Tuesday, May 14, 2019

Eating Disorder

It's hard to believe it's May already. It feels like the new year was just last week when our friend Jodie invited us to her home for yet another Chinese New Year dinner.

“Are you sick of loh-hei, yet?” she’d asked earlier on the phone. 

“I’ve had 12 so far,” Amanda told her.

“I’ve had 33!”

There was a brief silence as Amanda struggled to wonder if she’d misheard. “Thirty-three?” she said eventually. “How can you have had 33 loh-hei? This is only like the fifth day of Chinese New Year!”

“Oh, I started about two weeks before and as we approached the New Year, I had it for lunch and dinner with the family and my clients.”

“Thirty-three?” Saffy said when Amanda told her. 

“She’s so competitive! Just like at Uni!”

“I feel sick just thinking about all that sweet sauce!”

“Which is why tonight’s version is going to be Indonesian!” Amanda said. “She’s basically doing a gado-gado.”

Saffy blinked. “And what’s she using for the fish?”

“Otah-otah!”

“It’s going to be cooked, right?” I asked. “Because I’m not eating raw spiced mackeral!”

“She said she’s just unpacking the whole thing from the banana leaf.”

Saffy shrugged. “That’s just weird, but whatever. She just shouldn’t call it loh-heior Instagram us tossing,” she warned. “Can you imagine how that would look? All those great chunks of tofu and otah-otah flying up in the air? I don’t want to become a viral sensation for all the wrong reasons!”

Screaming with laughter at the image, we piled into a cab and zoomed towards Jodie’s apartment at Peach Garden. 

“God, that Jodie is such a China Doll,” Saffy said. “Even her condo sounds like a restaurant.”

When we arrived at the guard-house, Amanda poked her head out the window to announce who we were there to see. She hadn’t even opened her mouth when the security guard waved us through, leading Saffy to wonder if this sort of thing would also happen if we’d dropped by the Istana for loh-hei with the President. 

“The same thing happened to me the other day when I visited Shaun’s mother, do you remember?” Amanda said as the taxi pulled up at Jodie’s block. “I don’t think the guard even looked up from his phone. I mean, I could have been a robber for all he knew! He just happily waved me through.”

“Well, you’re in top-to-toe Chanel. You don’t exactly look like a robber,” Saffy pointed out, though I couldn’t help but think neither did the girls from Ocean’s 11. 

Amanda turned pink with pleasure that someone had noticed what she was wearing. “You know what the problem is? Singapore is just too safe! Which makes me wonder why anyone bothers with security guards anyway.”

“So that retirees have something to do!” said Saffy, HR executive to the Nation. 

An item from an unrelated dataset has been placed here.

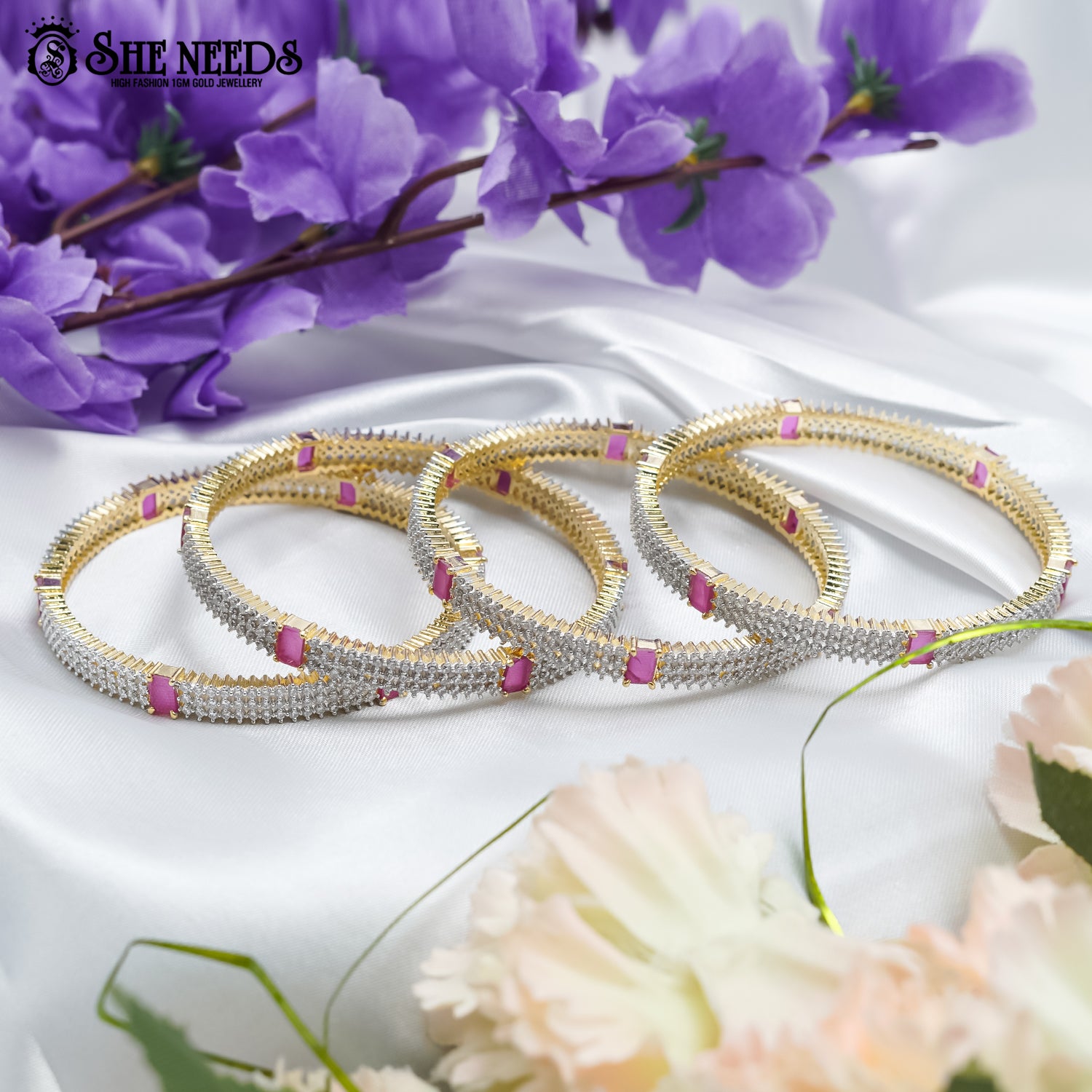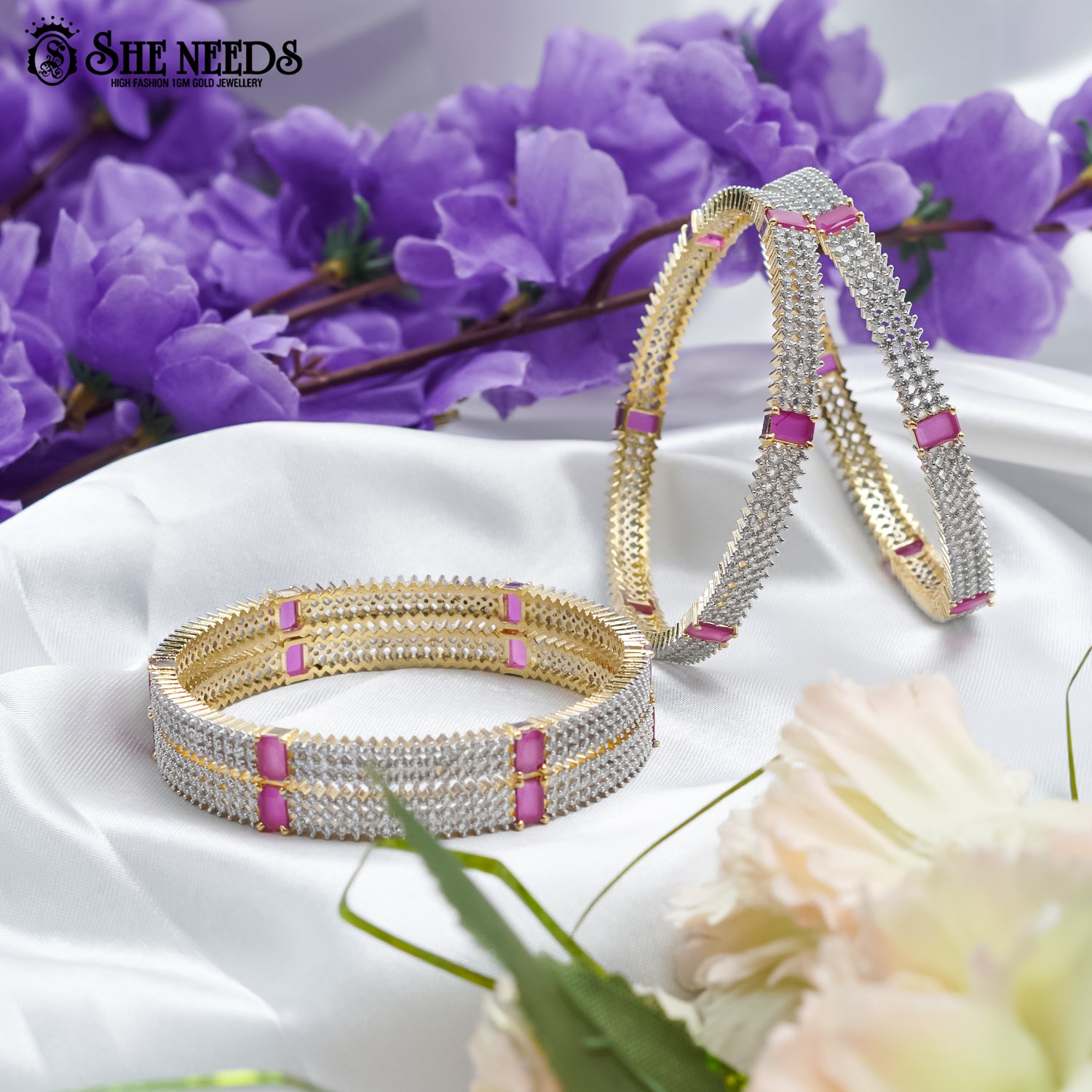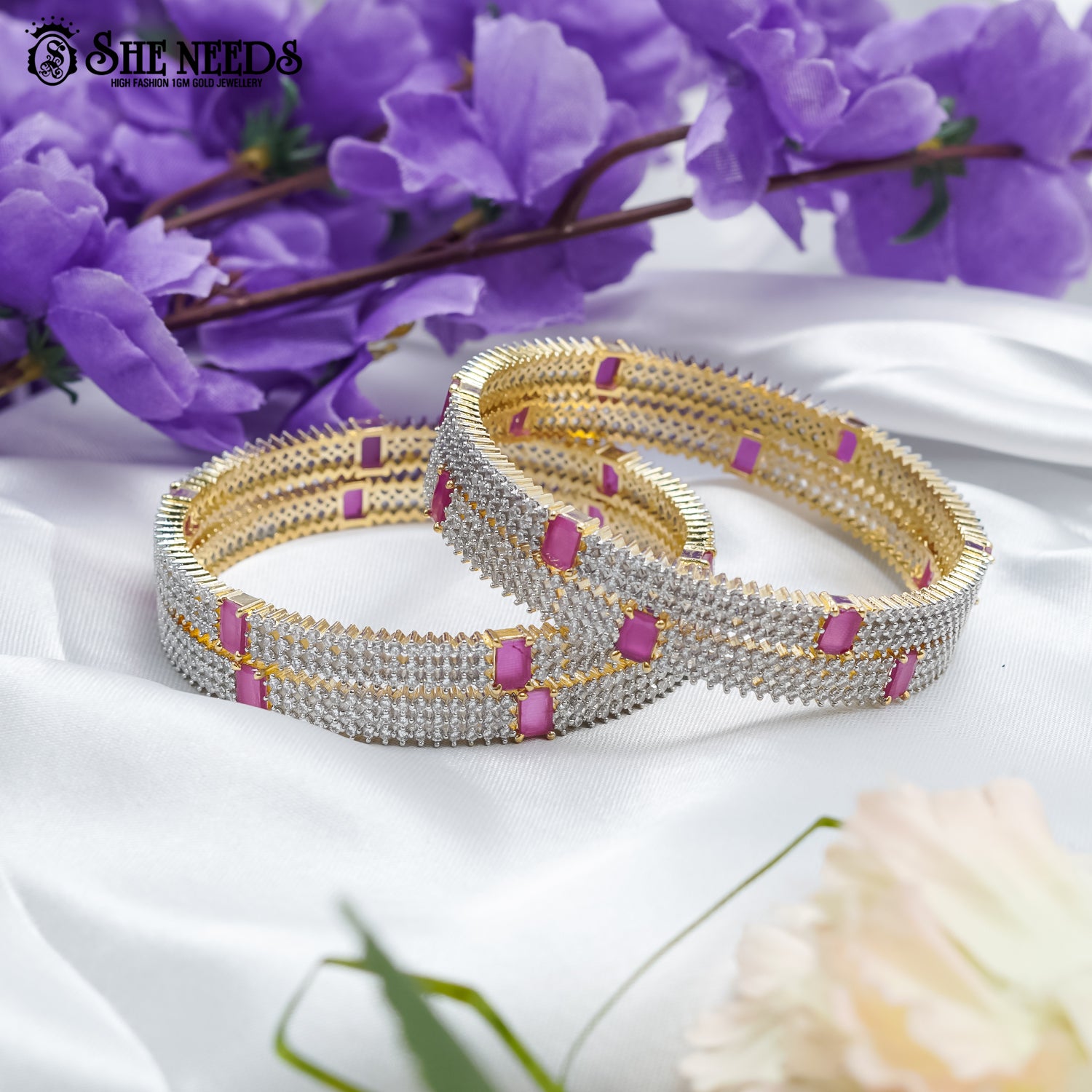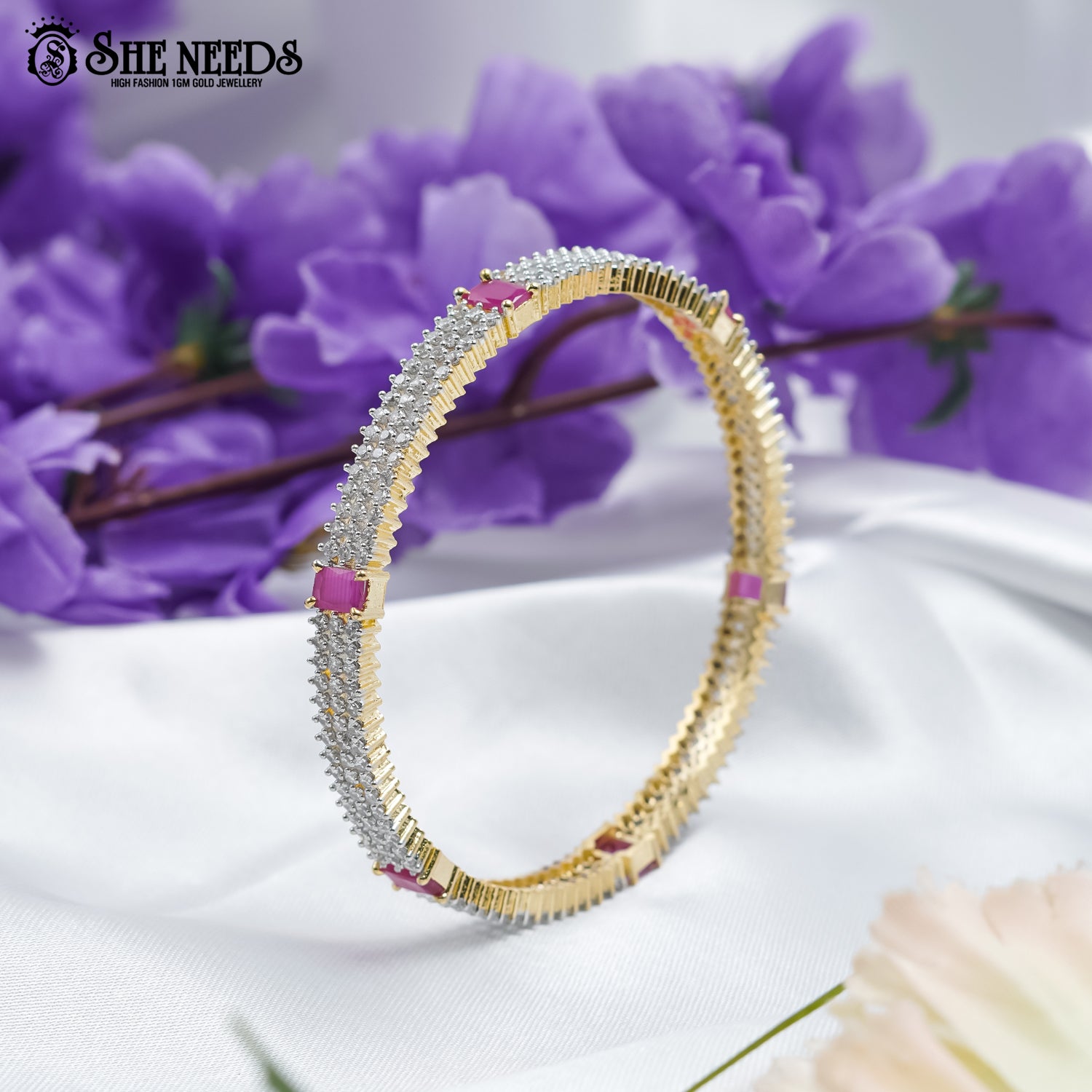 A blend of timeless tradition and modern charm, these bangles showcase radiant ruby-toned stones set in a shimmering tapestry of brilliant white stones. The elegant gold and silver dual-tone finish adds a contemporary edge, making these bangles a versatile accessory for every grand occasion.

“I mean, who would be stupid enough to commit a crime in this country?” Amanda went on, warming to her theme, though as Saffy later said privately, you could tell she was mentally role-playing her favourite fantasy as a PAP minister on the campaign trail. “You’d be tracked down, charged and jailed before you even had a chance to put your bag down to count your stolen cash!”

When we finally made it up to Jodie’s apartment, she said that after years of living in New York and being regularly terrified on her way home from work at night, she fully intended to live out the rest of her life in this country, secure in the knowledge that probably the most dangerous thing that would ever happen to her would be to go through an ERP gantry without enough money in her CashCard.

“So, did you read about that Go-Jek driver?” she asked as she carefully assembled her gado-gado loh-hei, which she’d since renamed galoh-gahei. “I’m telling you, this dish could fund my retirement. It’s just a question of clever marketing!”

“What about the Go-Jek driver?” Amanda interrupted. “You mean that girl and the ERP?”

“Yes! Did you see the video and how she was yelling that she was being kidnapped?”

“Hadn’t the driver brought her to the police station or something?” Amanda said, surprising us all with the depth of her knowledge of Singapore current affairs.  

“Only in Singapore,” Jodie said, in the solemn tone of a BBC newsreader announcing the birth of a new heir to the throne, “can you be kidnapped and the kidnapper brings you straight to the police station so that you can file a complaint!”

Amanda giggled while Saffy’s bosom inflated. “You see, that’s the kind of viral sensation you don’t want to be involved in!